Many artificial dyes use CYMK dye colors to build up to the final color when they are mixed by our eyes. Natural dyes will often truly be that color or a unique combination of non-CYMK colors. The result of this is non pure white light will reflect off the surface of the dyed object in different ways. It's a similar reason many LED lights look different than natural sunlight, with the LED lights using a combination of RGB.
Human sight reduces all visible light down to the three red/green/blue buckets. Other species will have different buckets, and can easily see colors we perceive as identical as completely different.
I believe we have better color vision that most animals though, so the opposite is usually the case.
Some humans enjoy tetrachromacy. There's an article floating around where one such woman mentions that in her world she sees mismatched colors everywhere; colors that to everybody else look identical (e.g. on a shirt and pants, or two walls) but which to her look different, sometimes significantly. IIRC, the fourth spectrum peak isn't that far away from one of the others, so I assume this effect is probably exaggerated by artificial dyes that reflect in relatively narrow bands.
EDIT: Here's the reported anecdote I was remembering:
> "I have always had polite disagreements with people about shades of colours," she says.
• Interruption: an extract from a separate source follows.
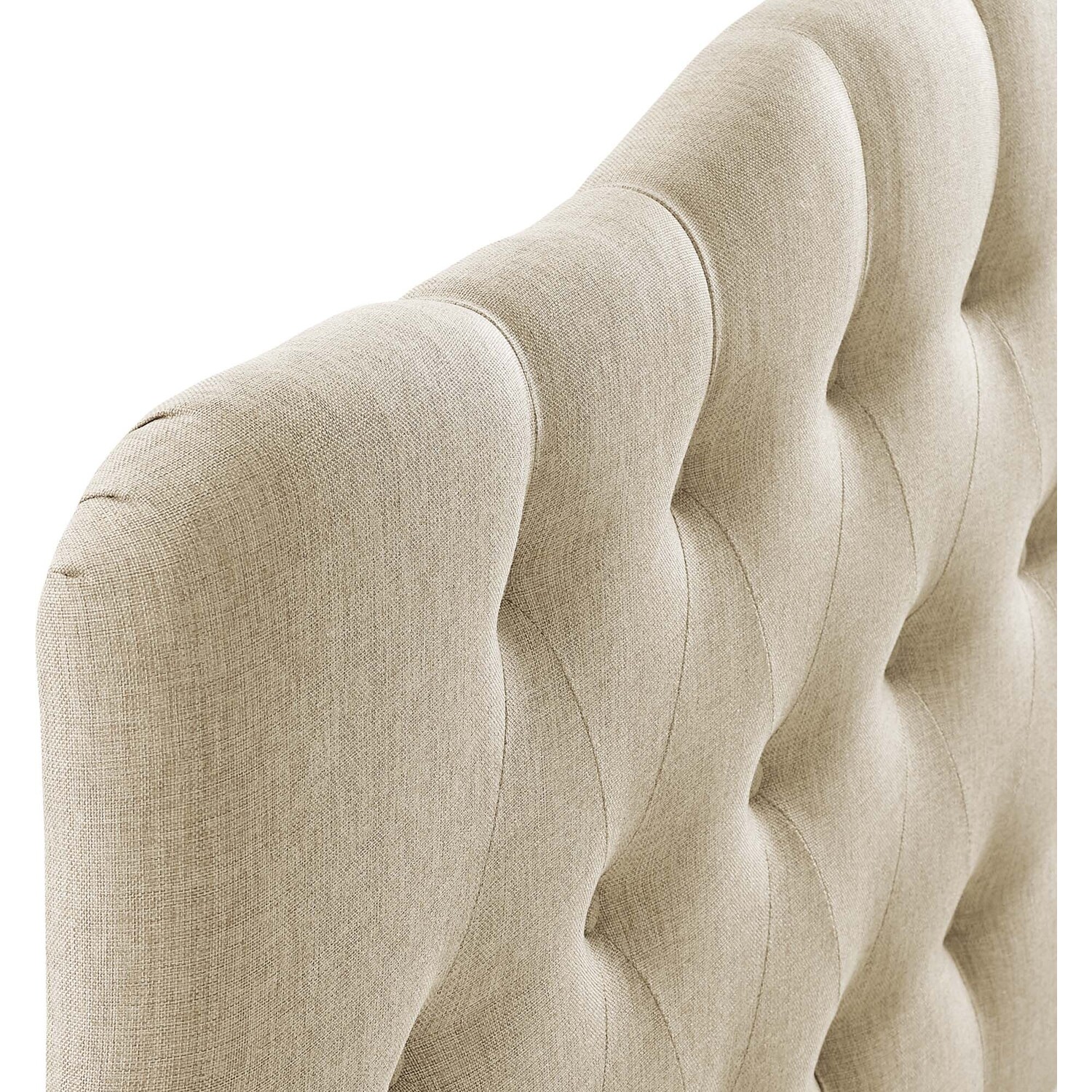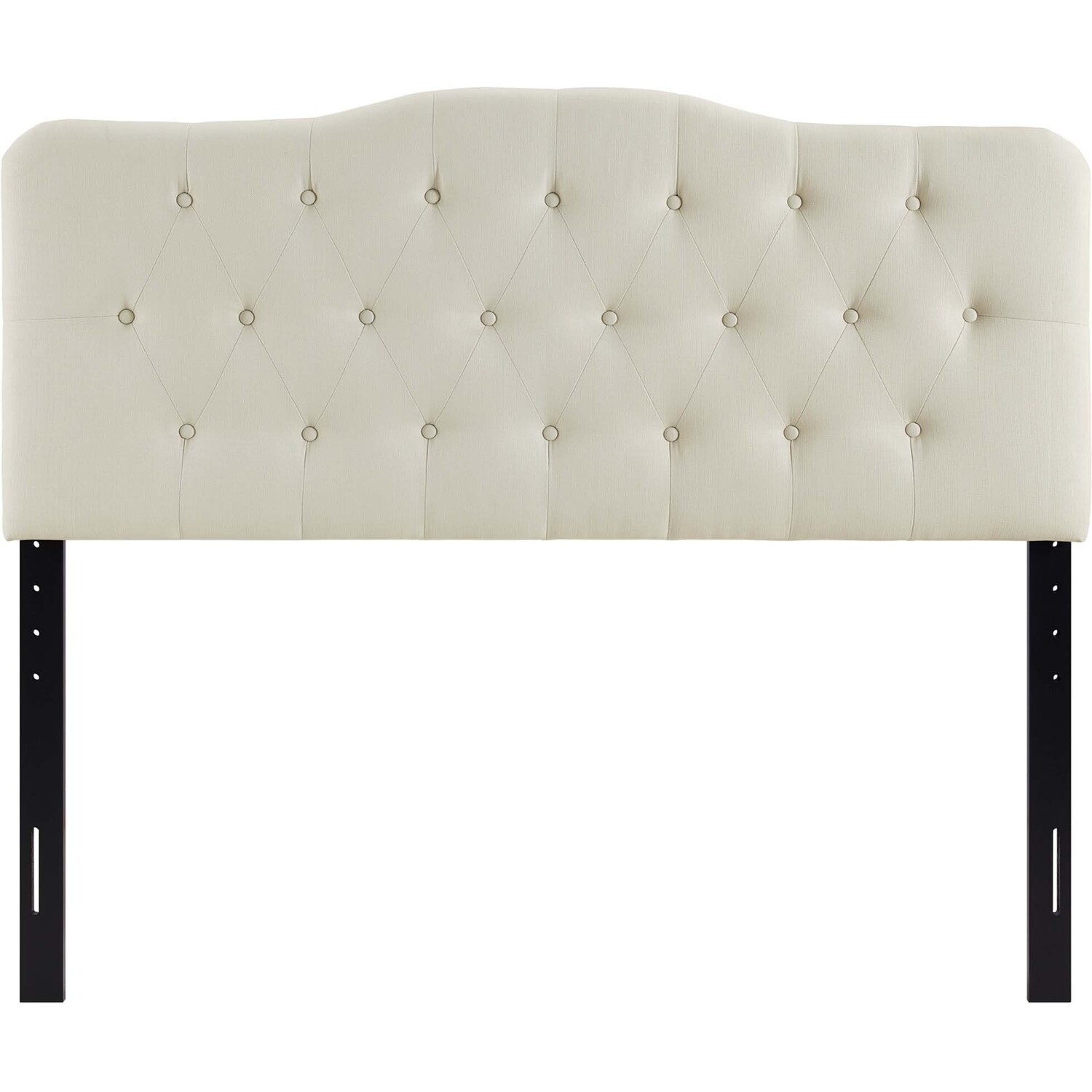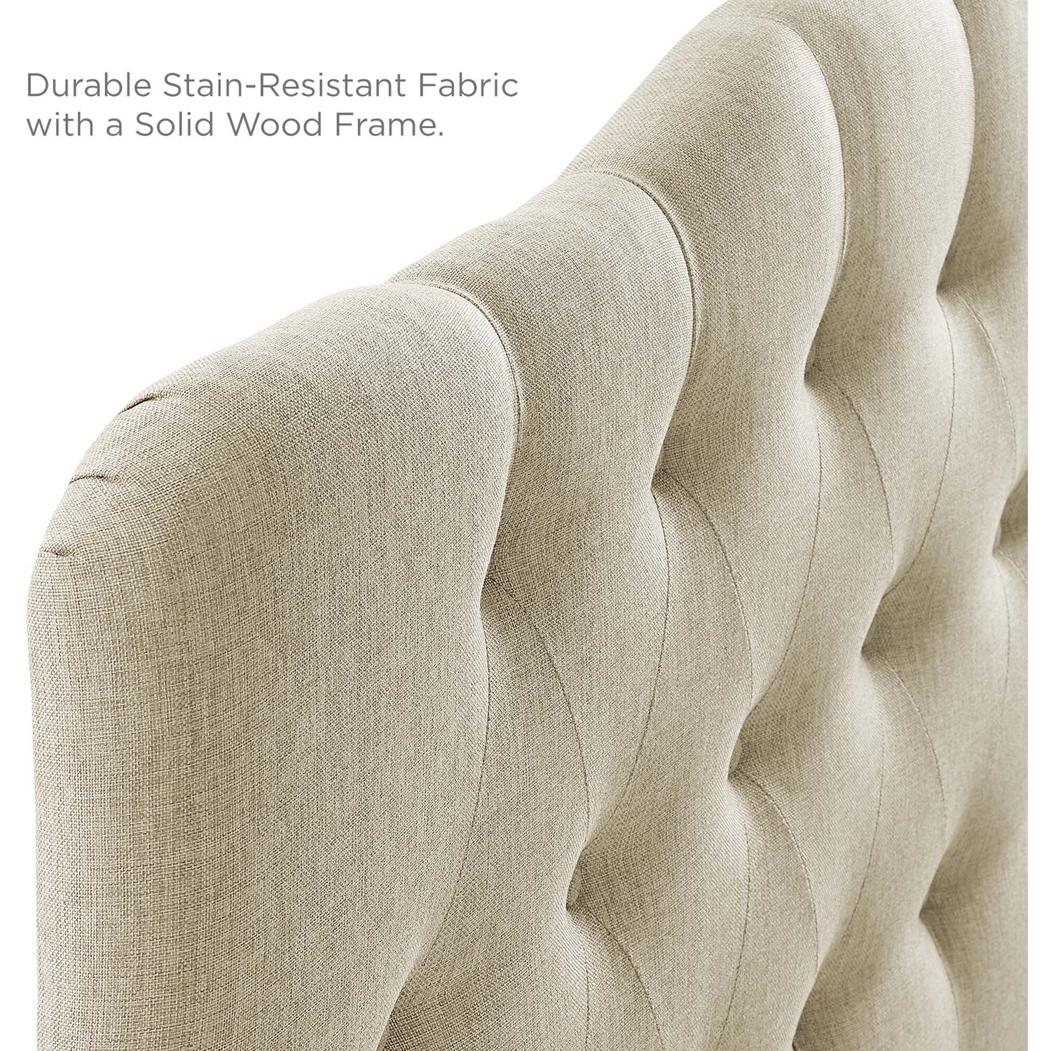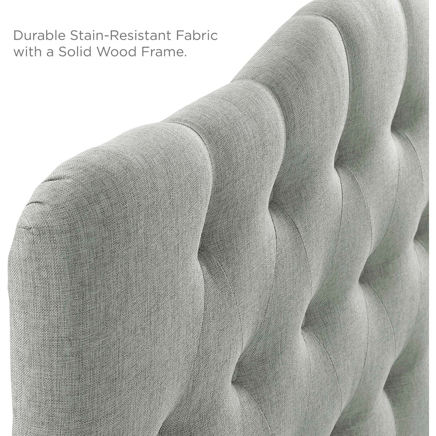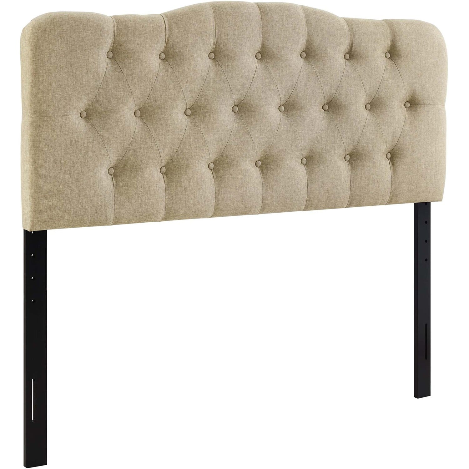 Instill soft tones and a meaningful design with the Modway Annabel Button Tufted Linen Fabric Upholstered Queen Headboard. Deep inset buttons adorn this magnificent centerpiece for your bedroom décor. Annabel Queen Headboard is made from fiberboard, plywood, and fine linen fabric upholstery for a construction that is both lightweight and long-lasting. Carefully crafted with flowing contours and a richly rewarding design, this striking headboard for queen beds transforms your sleeping space decor.Elegantly tufted button headboard
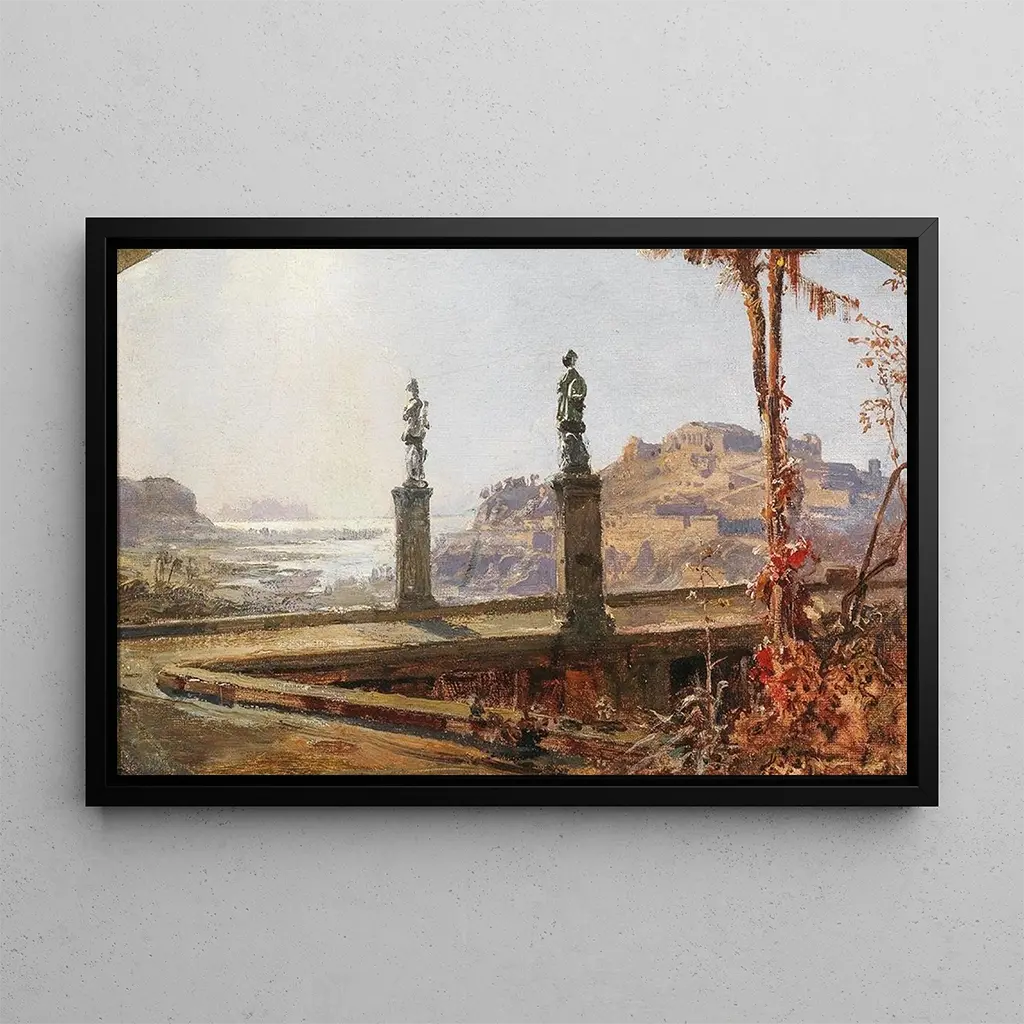 Ideaal landschap met tempel: een harmonie tussen natuur en architectuur De kunstdruk van Ideaal landschap met tempel van Christian Wilberg roept een wereld op waarin natuur en architectuur gracieus verweven zijn. Dit werk toont een weelderig landschap, waarin een majestueuze tempel oprijst te midden van dichte begroeiing. De levendige kleuren, variërend van stralende groenen tot aardetinten, creëren een sfeer van sereniteit en contemplatie. Wilbergs techniek, die realisme en idealisering combineert, nodigt de kijker uit te dromen van een vredige en harmonieuze plek, waar mens en natuur in perfecte symbiose samenleven. Christian Wilberg: een kunstenaar van het neoclassicisme Christian Wilberg, actief aan het einde van de achttiende eeuw en het begin van de negentiende eeuw, is een vertegenwoordiger van het neoclassicisme, een artistieke beweging die harmonie en evenwicht waardeert. Geïnspireerd door de grote meesters van de oudheid, probeert hij de ideale schoonheid vast te leggen in zijn landschappen. Zijn werken weerspiegelen een tijd waarin de kunst zich richt op klassieke waarden, terwijl hij elementen van de natuur integreert. Wilberg wist composities te creëren die de tijd overstijgen, waardoor hij een belangrijke figuur is in de geschiedenis van de landschapskunst. Een decoratief stuk met vele voordelen De kunstdruk van het schilderij Ideaal landschap met tempel is een decoratief stuk dat je leefruimte verrijkt, of het nu in een woonkamer, kantoor of slaapkamer is. De afdrukkwaliteit garandeert een uitzonderlijke fideliteit aan de details van het originele werk, waardoor je de artistieke visie van Wilberg volledig kunt waarderen. De esthetische aantrekkingskracht van dit doek, met zijn mengeling van natuur en architectuur, maakt het een perfecte keuze om een zen- en inspirerende sfeer te creëren. Het ophangen van deze kunstdruk bij je thuis is een uitnodiging voor een moment van rust en harmonie in je dagelijks leven.

When clothes shopping for instance, she often finds that apparently matching tops and skirts seem to be a different shade to her, clashing horribly--even though no one else seems to notice it. Her sensitivity can sometimes be baffling to those around: when helping to restore a house, she once rejected 32 paint samples before settling on the right shade. "The beiges were too yellow and not blue enough, not cool enough; some of the almonds were too orangey," she says--distinctions that were much to the confusion of her building contractor.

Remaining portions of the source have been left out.